Debugging Stories: A Strange Latency
Contents
The problem was described as “responses from SAP are slow.”
The Setup
A client had wanted to automate a manufacturing process. The manufacturing steps had previously all been performed in SAPGUI: MRP-produced planned orders were converted to production orders that show up in the custom transaction which had had been created for the manufacturing execution. As the order was executed on the shop floor, various details about the order and the produced units were recorded in the transaction and upon completion, production order confirmations were posted.
In order to move all this to the automated cell, web services had to be created so that the cell could get the required data from SAP (basically the work queue and details for individual production orders) and so that it could send details about the manufacturing execution to SAP (production order confirmations and so forth).
After some initial hiccups, this integration had been running for a year or so before it was discovered that the way that the automation cell had been implemented made it expensive to add new types of products. This led the client to re-implement the automation cell using a new automation supplier, with the main focus on addressing the cost and difficulty of adding new products.

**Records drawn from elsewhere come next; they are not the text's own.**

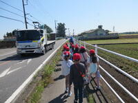 行き帰りの徒歩も、交通ルールを守って道路を歩く大切な学習です。
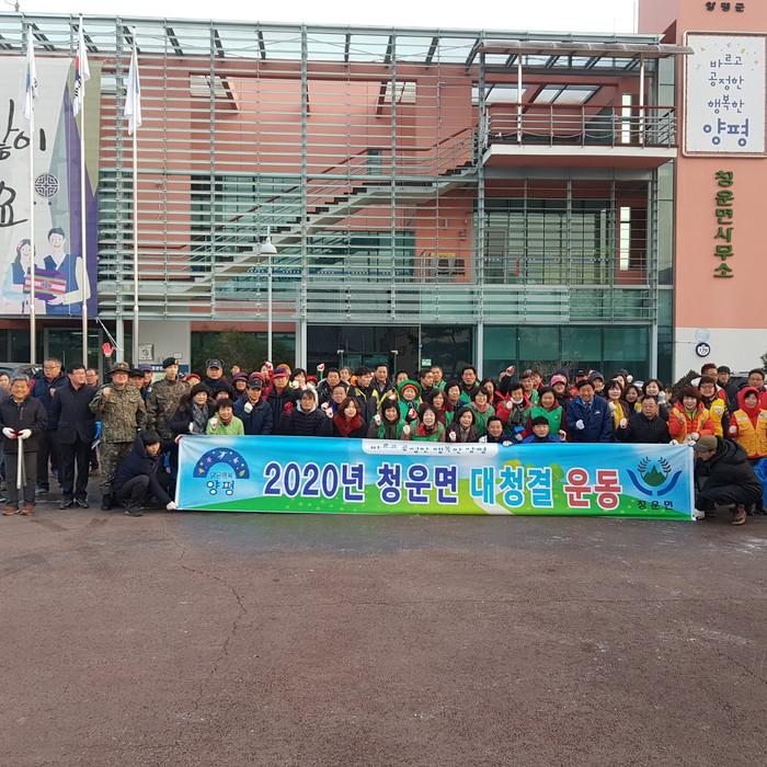 경기 양평군 청운면은 20일 고향을 찾는 귀성객들에게 깨끗하고 청결한 명절 분위기를 조성하기 위해 지역주민 170여명이 참여한 가운데 귀성객들의 통행량이 많은 주요 도로변, 주택가 골목 등을 대청소했다. 사진은 기념촬영을 하는 모습. (사진제공=양평군청)
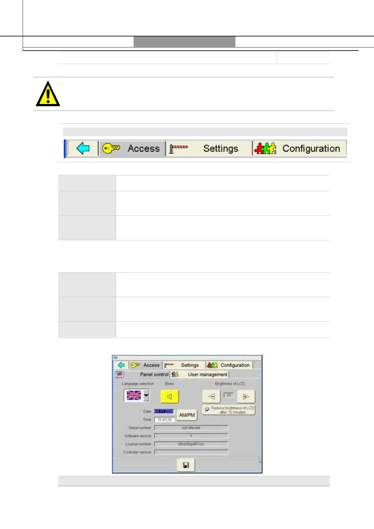 Access To make settings for the terminal and to administer users.
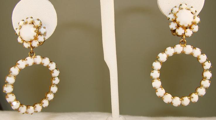 Vtg White Milk Glass Rhinestone Circle Dangle Earrings
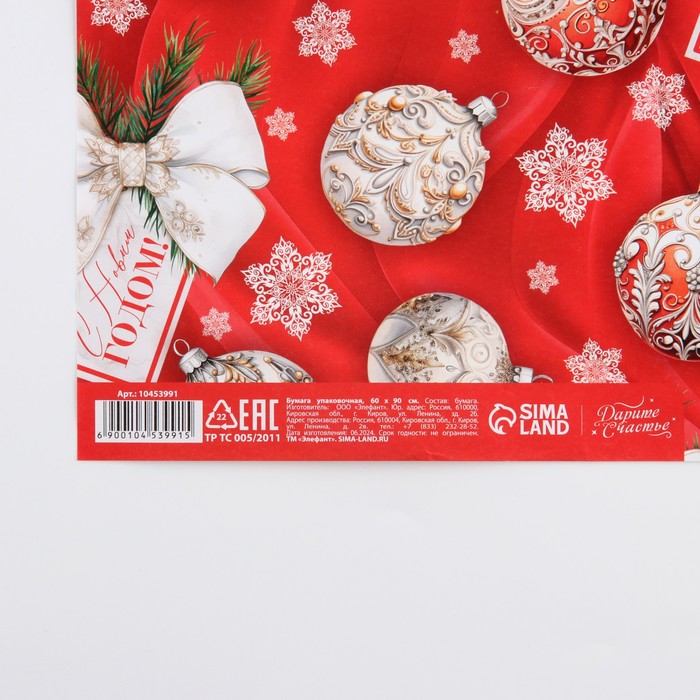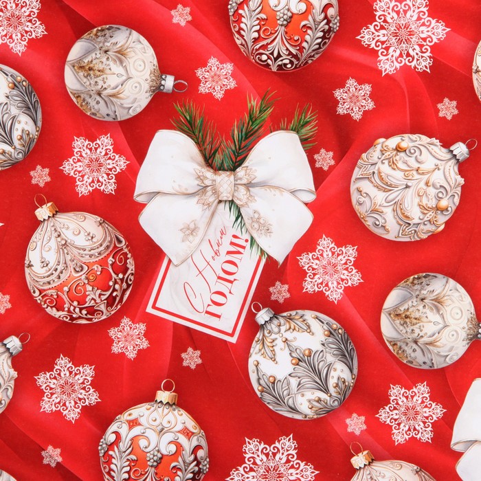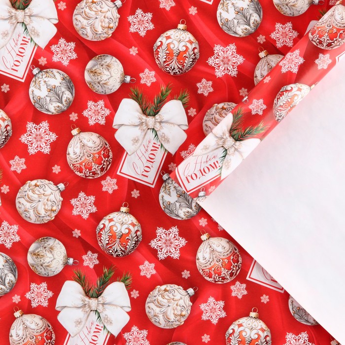 Упаковочная бумага на Новый год глянцевая «Новогодние игрушки», 60 х 90 см — Характеристики
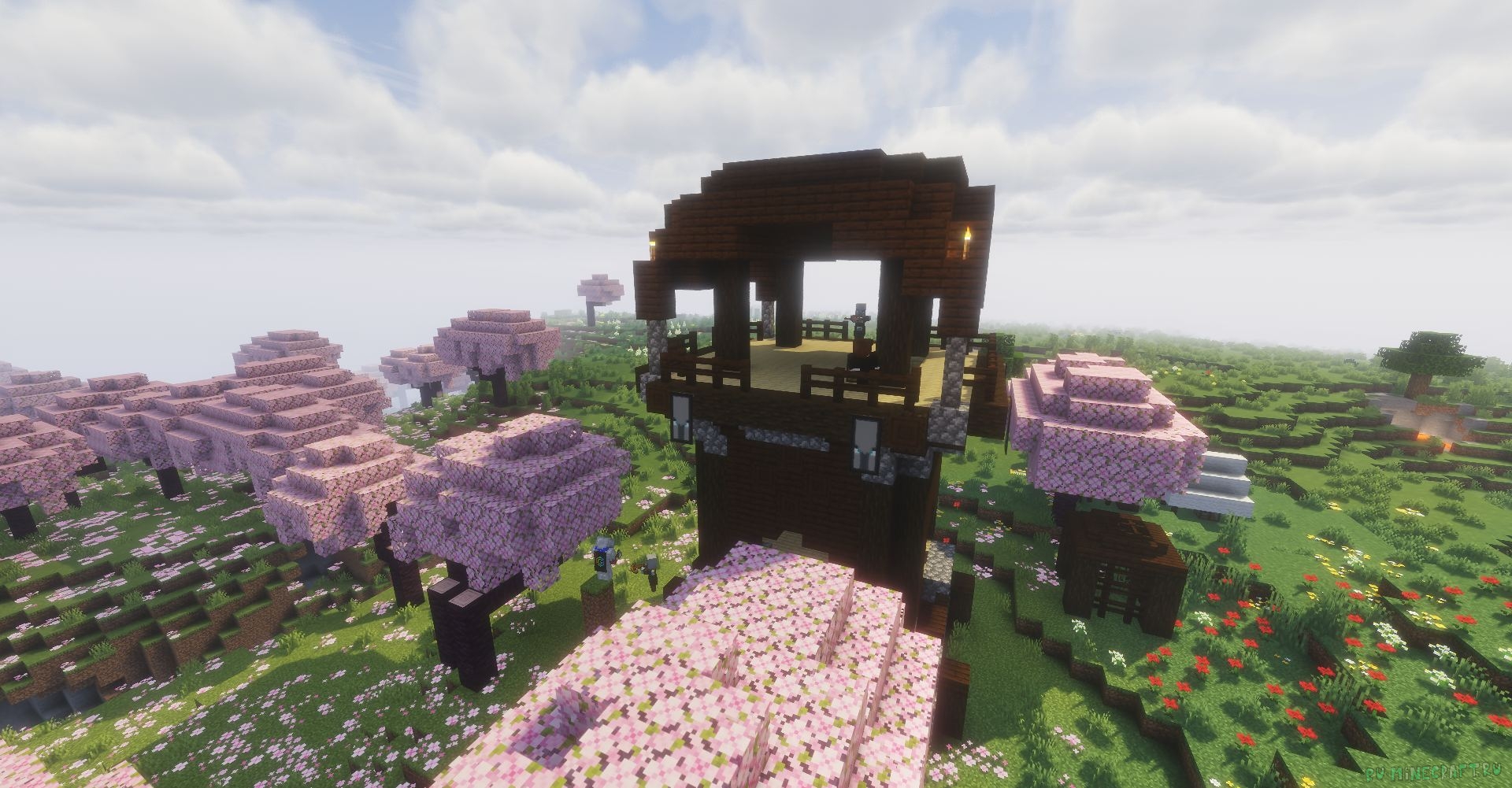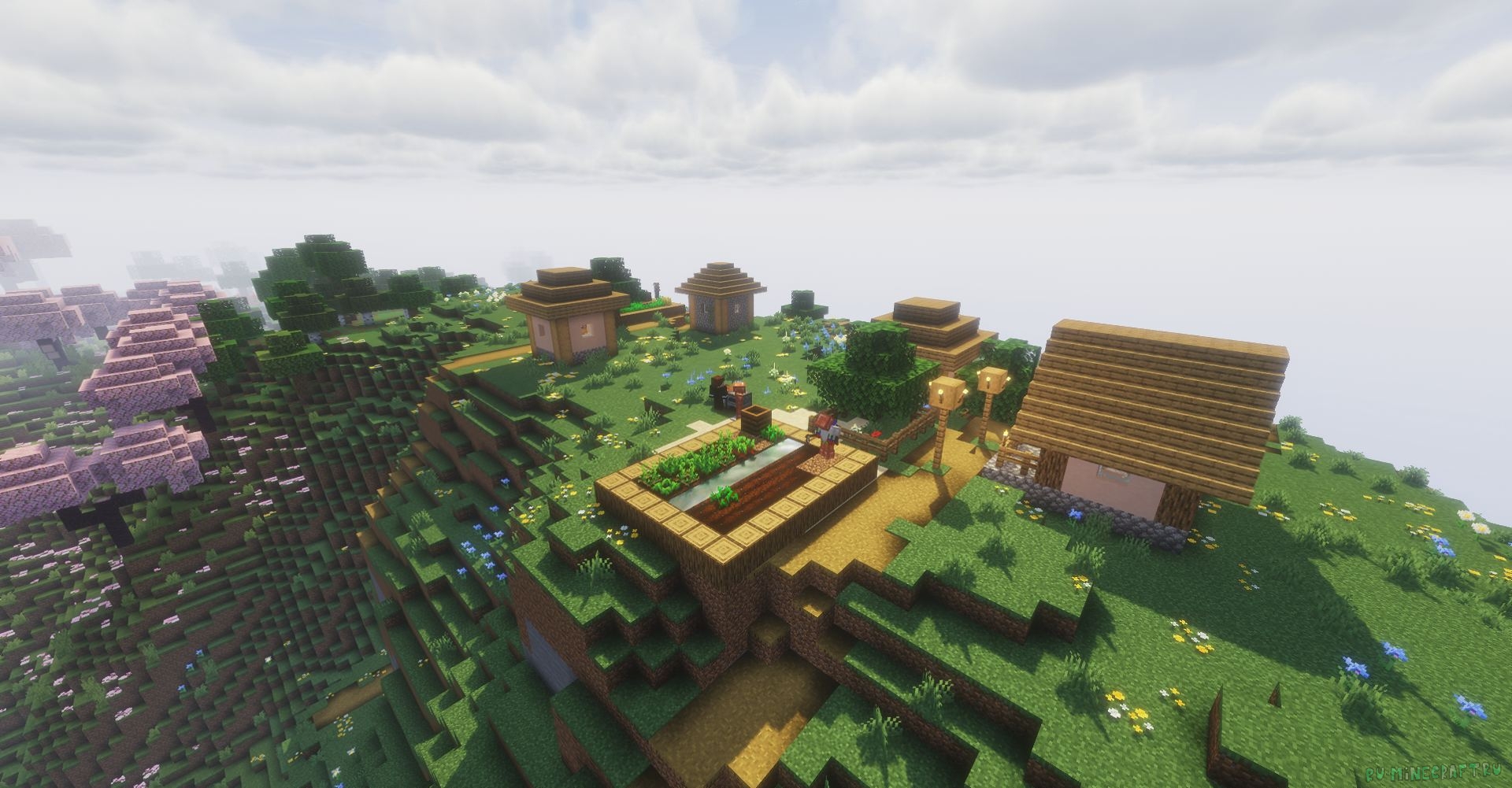 Чуть подальше отсюда, на координатах -149 131 -414 расположилась главная достопримечательность этой карты: деревня на горе. Она находится рядом с вишнёвым биомом. Также около неё будет разрушенный портал.
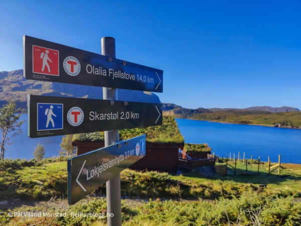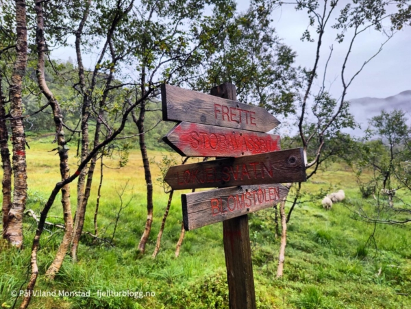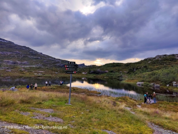Haugesund turistforening opererer med svært misvisende avstandsangivelser på skiltene sine på denne delen av Gullruta. Flere kilometer kortere enn det faktisk er. I følge skiltet ved Simlebu skulle det være 12 kilometer til Sandvass. Vi målte 14. Samme misforholdet hadde vi opplevd dagen før. At det er direkte feil tror jeg det er, siden begge våre klokker, og franskmennenes, var rimelig samstemte. Senere på turen var det også samsvar mellom skilt og klokker. Ikke det at det gjør noe, men når det står oppgitt avstand bør den være riktig. Hvis ikke kan man like godt ta bort den type skilt, siden det neppe er andre måter å følge med på avstand enn via GPS-målinger, som da viser noe helt annet.
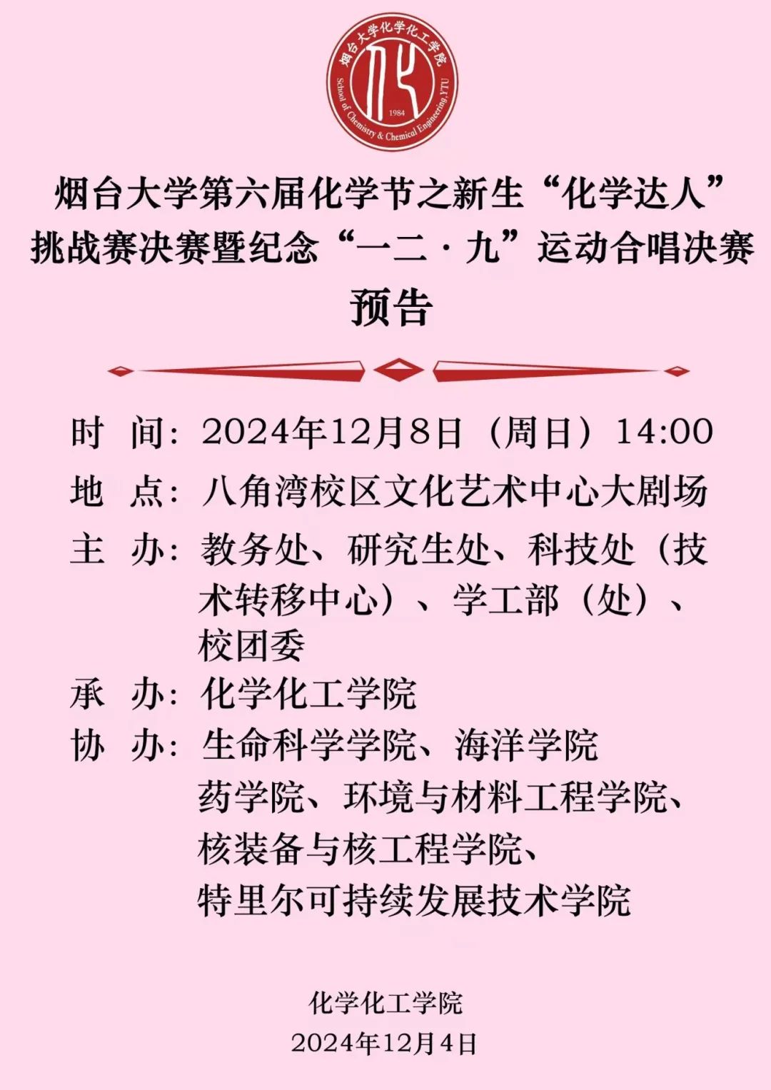 91吃瓜 第六届化学节之新生“化学达人”挑战赛决赛暨纪念“一二·九”运动合唱决赛预告
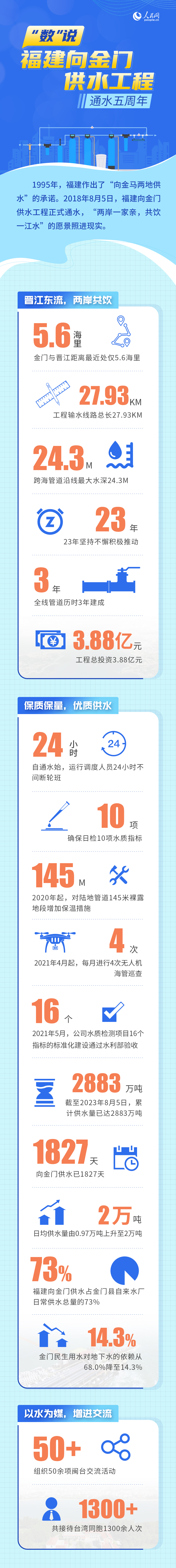 时值福建向金门供水工程五周年之际,让我们用一组数字回顾一衣带水的两岸真情。
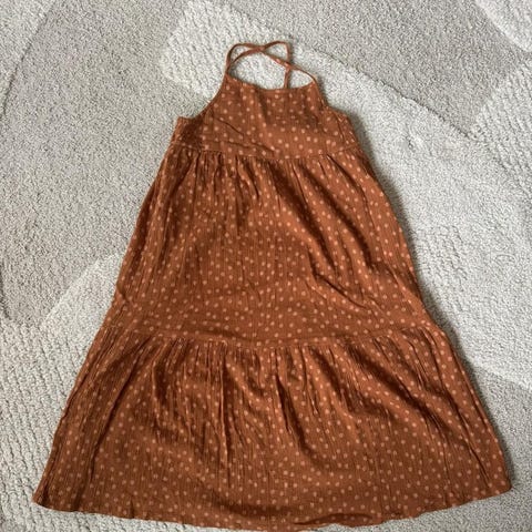 Topmodel klänning för flicka i storlek 110. Klänningen är flerfärgad med ett rutmönster och har en vit volangdetalj runt halsen. Det är en elegant klänning för små barn att ha på sig vid finare tillfällen.
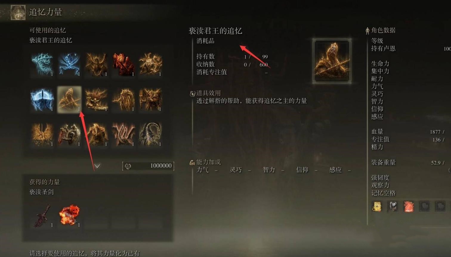 首頁 艾爾登法環 問答 老頭環褻瀆聖劍怎麼獲得? 2022-08-13 1、傳送到大賜福位置。2、到達大賜福中找到解指恩雅npc。3、選擇與其交談,點擊左側的從追憶獲得力量選項。4、選擇頁面中的褻瀆君王的追憶。5、選擇下方的褻讀聖劍,點擊確定兌換即可獲得褻讀聖劍。

The changes were made to the automation cell, while the SAP side of the integration remained as-is. So I was skeptical when I first heard that “it takes upwards of a minute for SAP to respond.” After all, the integration had already worked for while and I had never heard complaints about such extreme latencies.
The Investigation
While exclaiming “it wasn’t slow with the previous implementation, you must have screwed up!” might’ve gotten us off the hook, it would not have solved the issue that the client was experiencing; it was better to help with the investigation.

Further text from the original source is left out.